Exercise instructions: Word for word, repeat the lines of the records from the first line up to and including the line that contains "Koszulka z motywem", passing over any pictures.

Task data:
- Opening Delimiter -
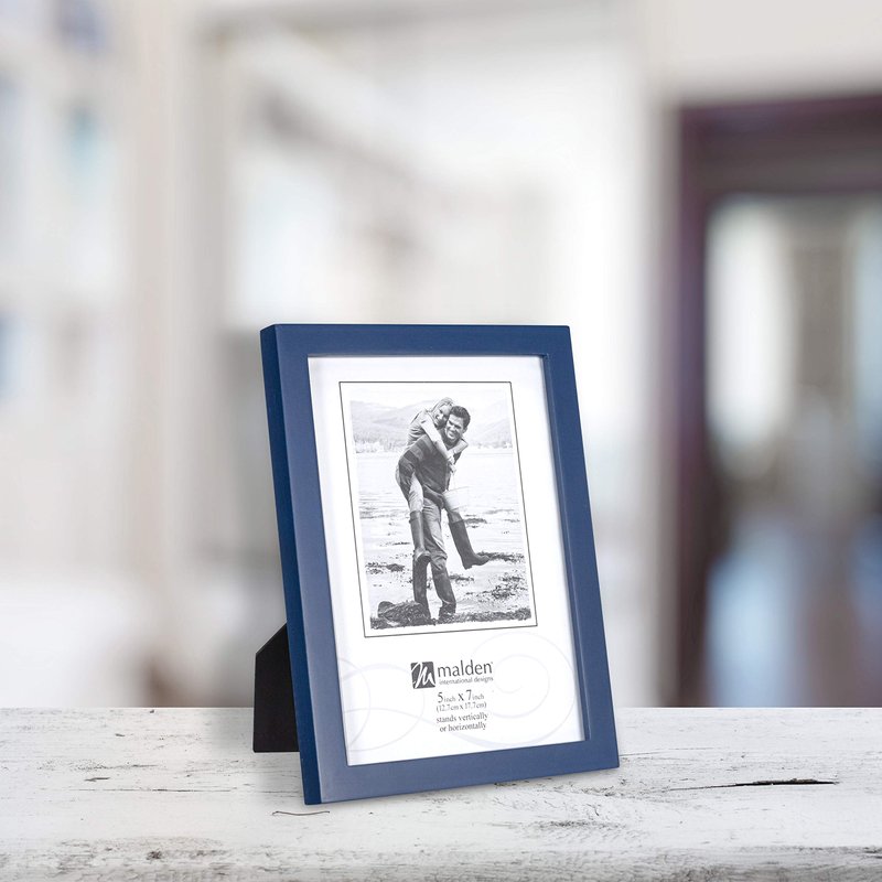 - ALLURING LOOK: This navy decorative frame has a smooth matte finish; holds a 5x7 inch photo in a 4.5x6.5 inch display opening; vertical or horizontal photos. Overall dimensions: 5.75” (W) x 7.75“ (H) x 0.75” (D)
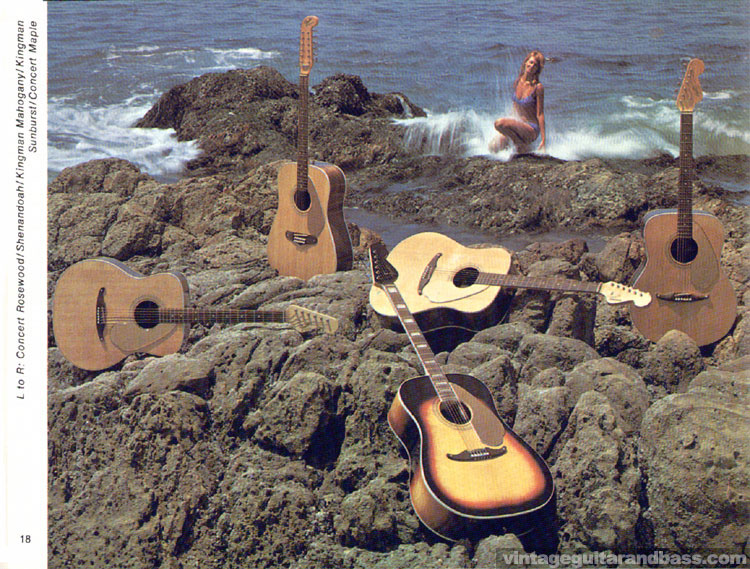 Fender 1968 guitar and bass catalog. Page 20. Image of three Fender acoustic guitars, the Concert Rosewood and Maple, Kingman Mahogany and Sunburst and the twelve-string Shenandoah. These guitars all had a spruce top, but differing back and sides. The Kingman, for example, as well as being available with the Wildwood stain (see page 16) was offered in price lists with a choice of rosewood, vermillion, zebra, mahogany, and natural maple back and sides.
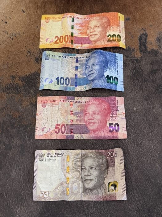 Ob Namibischer Dollar oder Südafrikanischer Rand: das ist gleich viel wert. Umrechnung: 1:20
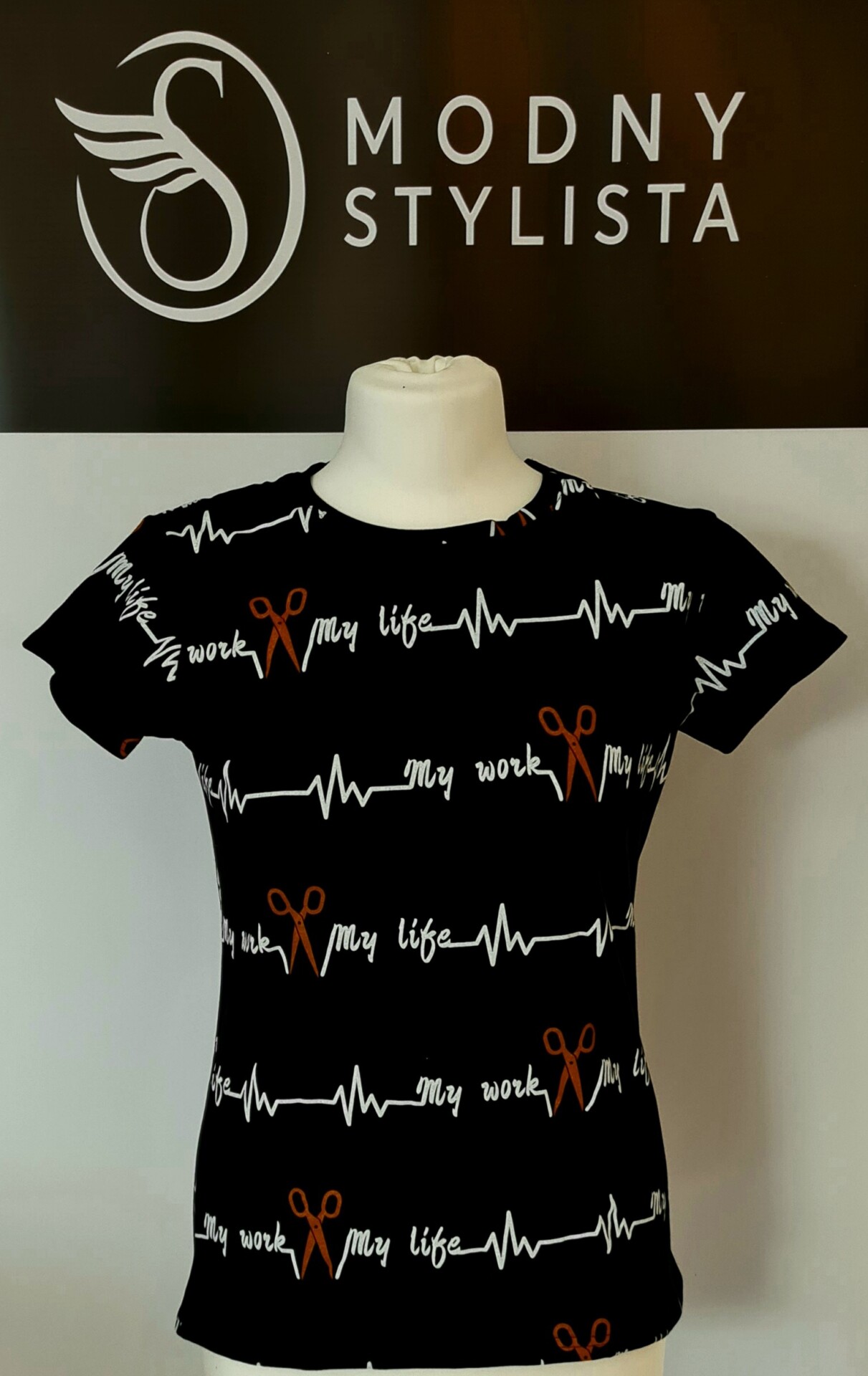 Koszulka z motywem „linii życia” to połączenie nowoczesnego wzornictwa z funkcjonalnością. Wzory inspirowane branżą fryzjerską dodają jej unikalnego charakteru, co pozwala wyróżnić się na tle innych. To nie tylko odzież robocza, ale także element stylizacji, który podkreśla profesjonalizm i indywidualność użytkowniczki. Dodatkowo, czarny kolor jest uniwersalny i elegancki, co sprawia, że koszulka pasuje do każdego stroju roboczego.
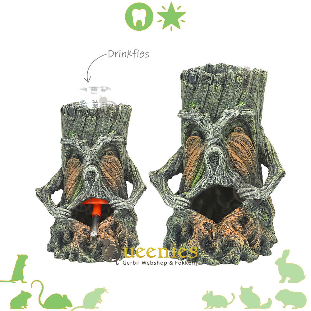 Ontdek de multifunctionele charme van onze unieke boomstam met gezicht 1. Niet alleen een stijlvol decoratief stuk in een natuurlijk ingericht Hamster terrarium, maar ook een ingenieuze drinkfleshouder! De Classic 150 ml Drinkfles pas prachtig in dit gezicht waardoor de drinkfles knaagproef wordt gemaakt. Deze Boomstam is hier helemaal niet voor ontworpen, maar zo zie je maar weer, soms moet je net even met een andere blik naar een product kijken om te zien dat het op veel meer mogelijkheden inzetbaar is! Door de Classic 150 ml Drinkfles in de Boomstam te doen heeft deze boomstam zich ontpopt als de perfecte beschermer voor de drinkfles van uw kleinere knaagdieren.
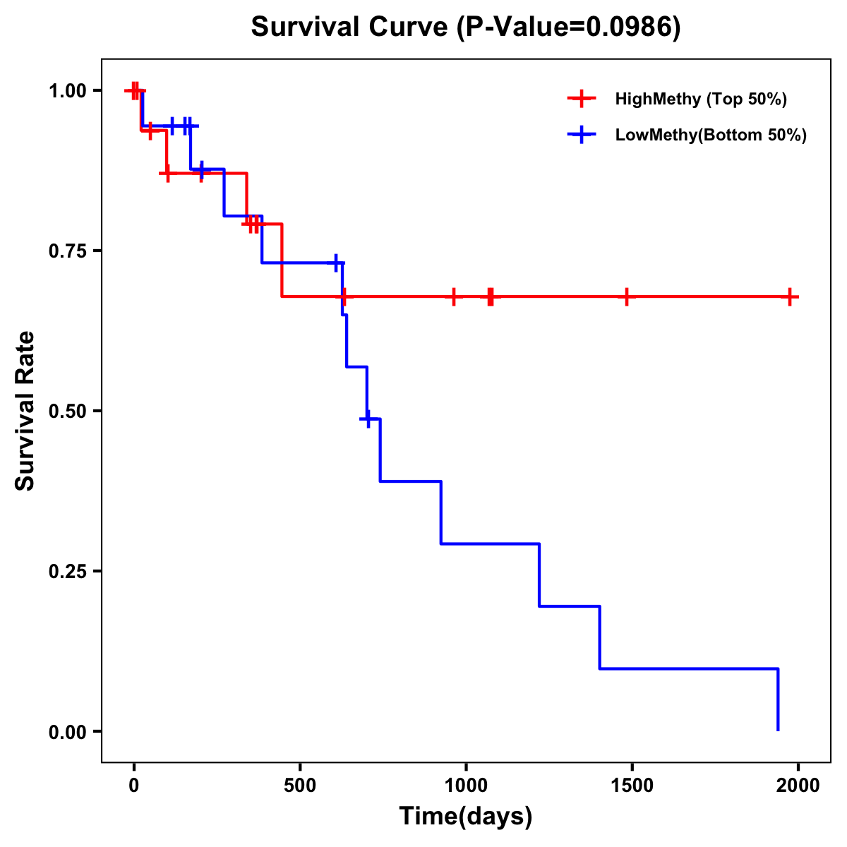 | Survival Curve of Biliary tract Cancer of Expression | Survival Curve of Biliary tract Cancer of Methylation | ||
- Closing Delimiter -
Answer area:
 - ALLURING LOOK: This navy decorative frame has a smooth matte finish; holds a 5x7 inch photo in a 4.5x6.5 inch display opening; vertical or horizontal photos. Overall dimensions: 5.75” (W) x 7.75“ (H) x 0.75” (D)
 Fender 1968 guitar and bass catalog. Page 20. Image of three Fender acoustic guitars, the Concert Rosewood and Maple, Kingman Mahogany and Sunburst and the twelve-string Shenandoah. These guitars all had a spruce top, but differing back and sides. The Kingman, for example, as well as being available with the Wildwood stain (see page 16) was offered in price lists with a choice of rosewood, vermillion, zebra, mahogany, and natural maple back and sides.
 Ob Namibischer Dollar oder Südafrikanischer Rand: das ist gleich viel wert. Umrechnung: 1:20
 Koszulka z motywem „linii życia” to połączenie nowoczesnego wzornictwa z funkcjonalnością. Wzory inspirowane branżą fryzjerską dodają jej unikalnego charakteru, co pozwala wyróżnić się na tle innych. To nie tylko odzież robocza, ale także element stylizacji, który podkreśla profesjonalizm i indywidualność użytkowniczki. Dodatkowo, czarny kolor jest uniwersalny i elegancki, co sprawia, że koszulka pasuje do każdego stroju roboczego.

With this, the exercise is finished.